Even more interesting, however, is what we learn about the tigers. Sixty-one percent of the documented man-eaters occupied severely degraded habitats with low prey densities. Of the 18 problem tigers that researchers were able to examine, 10 had physical impairments like missing teeth or injured paws, with 90 percent of these impaired man-eaters also living in degraded habitats. And of the man-eating tigers that left the forest’s edge and ventured into villages—the sort of desperate behavior the Champawat too would eventually exhibit—virtually all came from degraded habitats, and all were physically impaired. Unusually aggressive non-hunting behavior was also recorded in some of these tigers, meaning they were unwilling to leave a kill even when confronted by humans atop elephants, conduct almost unheard of among normal, wild tigers in healthy habitats. Gurung attributes this aggressiveness to increased competition between tigers for limited territory, and to previous negative encounters with humans, who most likely attempted to chase tigers away from livestock kills so they could salvage the fresh meat for themselves. One of these ultra-aggressive tigers killed five people within a few minutes, and then sat beneath a tree for several hours where a sixth person was hiding, roaring and waiting for them to come down—not the sort of performance one would expect from a famously shy and elusive predator.

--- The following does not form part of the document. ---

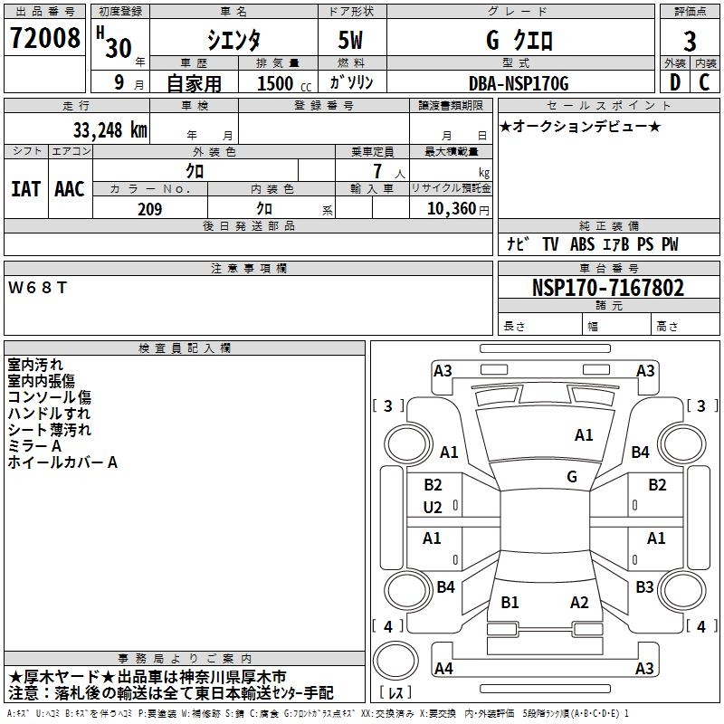 TOYOTA SIENTA GKERO - лот 72008

But this was the kind of behavior exhibited by the Champawat—an animal that was impaired, coping with a changing environment, and that had very fair reasons for being aggressive toward humans. Its pattern of killing almost certainly followed those of Chitwan’s most aggressive tigers today, as it became accustomed to hunting humans, first on its own territory in the grassy marshes and sal forests, and then later on ours, among grass-thatched huts and mud-walled houses. It would have progressed over time from chance encounters in the deep forest with woodcutters and foragers, to semi-deliberate confrontations on the forest’s edge with grass-cutters and herders, to intentioned kills on the outskirts of villages as farmers worked in their fields or walked into the brush to relieve themselves. As the research shows, the most problematic tigers—those with degraded habitats, physical impairments, and aggressive dispositions—seem to lose their fear of people altogether, and this is precisely what happened in the case of the Champawat. The human settlements that dotted the lowland terai ceased to be places of uncertainty and danger, as they were for most tigers, and instead became a veritable smorgasbord. And once that happened, a slaughter of unprecedented proportions commenced.
While statistical analysis of tiger attacks may provide a solid understanding of the underlying causes, data alone does a poor job of communicating their attendant horrors. Attacks by man-eating tigers, though rare, are exceedingly traumatic, in almost every sense of the word. The death of a loved one is always challenging for families and communities, but it becomes far more so when that cherished individual has been mauled or even completely devoured by a striped, fanged, quarter-ton cat. And again, there are contemporary examples of tiger attacks in India and Nepal that provide some idea—albeit a very unpleasant one—of what the aftermath of a wild tiger attack entails.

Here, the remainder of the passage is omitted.